_What you are asked to do_
Restate all of the entries exactly, dropping any pictures they hold.

Items from a data source:
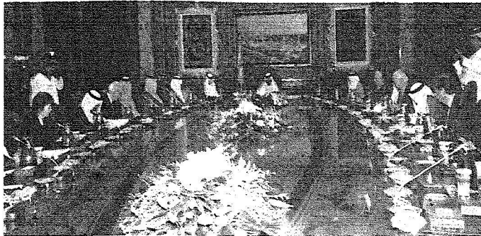
خادم الحرمين الشريفين خلال ترؤسه اجتماع مجلس أمناء جامعة الملك عبد الله للعلوم والتقنية.

الرياض - واس: أكد خادم الحرمين الشريفين الملك عبد الله بن عبد العزيز الرئيس الفخري لمجلس أمناء جامعة الملك عبد الله للعلوم والتقنية أن الهدف من إنشاء جامعة الملك عبد الله للعلوم والتقنية هو التأسيس لقيام معرفي يهدف لترويج مصادير اقتصادنا الوطني، وأن تكون جسرا للتواصل بين الحضارات وأن تؤدي رسالتها الإنسانية مستجيبة بالله تم بالعقول الثيرة في كل مكان.
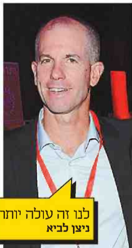
לנו זה עולה יותר ניצן לביא
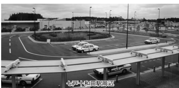
七戸十和田駅周辺

駐車場として61台分を確保している。 その他の駅舎周辺施設としては、道の駅しちのへ・農産物直売施設、美術館、山車展示館のほか、平成23年9月に大型商業施設がオープンしている。
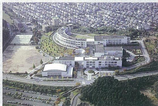
大分県立看護科学大学 全景
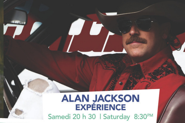
ALAN JACKSON EXPÉRIENCE Samedi 20 h 30 | Saturday 8:30 PM

La barrière ouvre à 12 h jeudi le 24 août
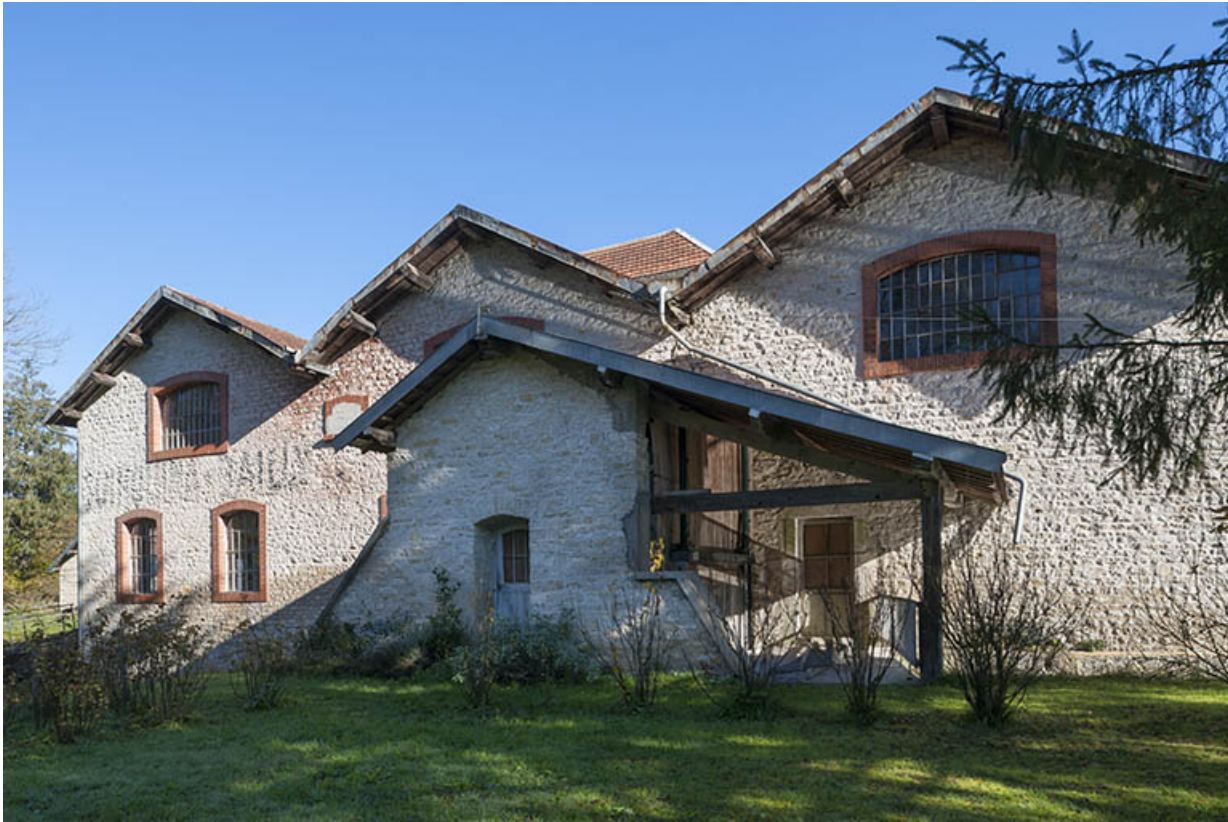
Pignons des bâtiments ouest.
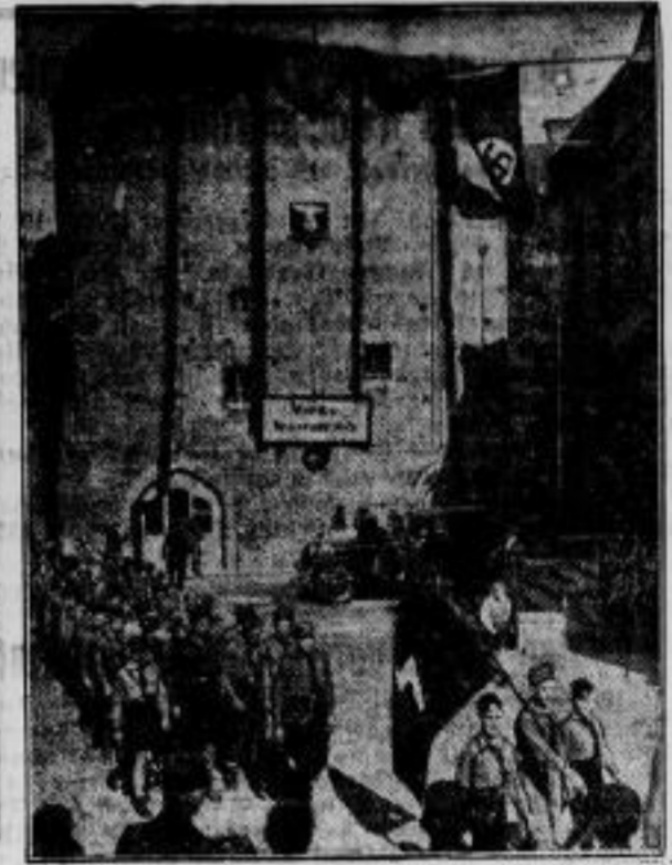
Hier wurde die erste deutsche Bauernhochschule eröffnet. In diesem ehemaligen Kloster in der alten märkischen Stadt Gransee wurde die erste deutsche Bauernhochschule und Bauernführerschule ihrer Bestimmung übergeben.
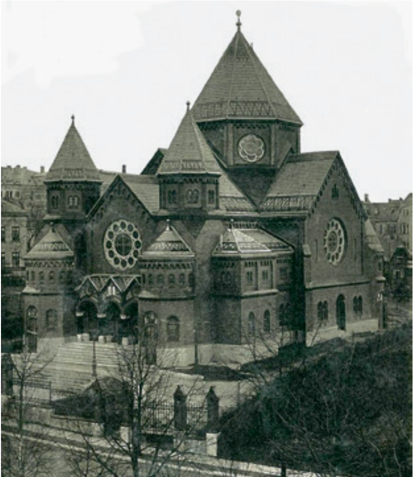
Chemnitzer Synagoge am Stephanplatz, 1899

fortan die in den Amtshauptmannschaften Chemnitz, Flöha, Glauchau und Stollberg wohnhaften Juden. Darüber hinaus wurde die Amtshauptmannschaft Rochlitz infolge Streitigkeiten innerhalb der Gemeindeverwaltungen aus der Zuständigkeit der Leipziger jüdischen Gemeinde herausgelöst und dem Chemnitzer Gemeindebezirk offiziell zugeordnet. Aufgrund der geographischen Nähe zu Chemnitz war dadurch eine bessere religiöse Betreuung der Juden in Mittweida, vor allem der dort lebenden Technikumbesucher, möglich.

_Result for this task_
خادم الحرمين الشريفين خلال ترؤسه اجتماع مجلس أمناء جامعة الملك عبد الله للعلوم والتقنية.

الرياض - واس: أكد خادم الحرمين الشريفين الملك عبد الله بن عبد العزيز الرئيس الفخري لمجلس أمناء جامعة الملك عبد الله للعلوم والتقنية أن الهدف من إنشاء جامعة الملك عبد الله للعلوم والتقنية هو التأسيس لقيام معرفي يهدف لترويج مصادير اقتصادنا الوطني، وأن تكون جسرا للتواصل بين الحضارات وأن تؤدي رسالتها الإنسانية مستجيبة بالله تم بالعقول الثيرة في كل مكان.
לנו זה עולה יותר ניצן לביא
七戸十和田駅周辺

駐車場として61台分を確保している。 その他の駅舎周辺施設としては、道の駅しちのへ・農産物直売施設、美術館、山車展示館のほか、平成23年9月に大型商業施設がオープンしている。
大分県立看護科学大学 全景
ALAN JACKSON EXPÉRIENCE Samedi 20 h 30 | Saturday 8:30 PM

La barrière ouvre à 12 h jeudi le 24 août
Pignons des bâtiments ouest.
Hier wurde die erste deutsche Bauernhochschule eröffnet. In diesem ehemaligen Kloster in der alten märkischen Stadt Gransee wurde die erste deutsche Bauernhochschule und Bauernführerschule ihrer Bestimmung übergeben.
Chemnitzer Synagoge am Stephanplatz, 1899

fortan die in den Amtshauptmannschaften Chemnitz, Flöha, Glauchau und Stollberg wohnhaften Juden. Darüber hinaus wurde die Amtshauptmannschaft Rochlitz infolge Streitigkeiten innerhalb der Gemeindeverwaltungen aus der Zuständigkeit der Leipziger jüdischen Gemeinde herausgelöst und dem Chemnitzer Gemeindebezirk offiziell zugeordnet. Aufgrund der geographischen Nähe zu Chemnitz war dadurch eine bessere religiöse Betreuung der Juden in Mittweida, vor allem der dort lebenden Technikumbesucher, möglich.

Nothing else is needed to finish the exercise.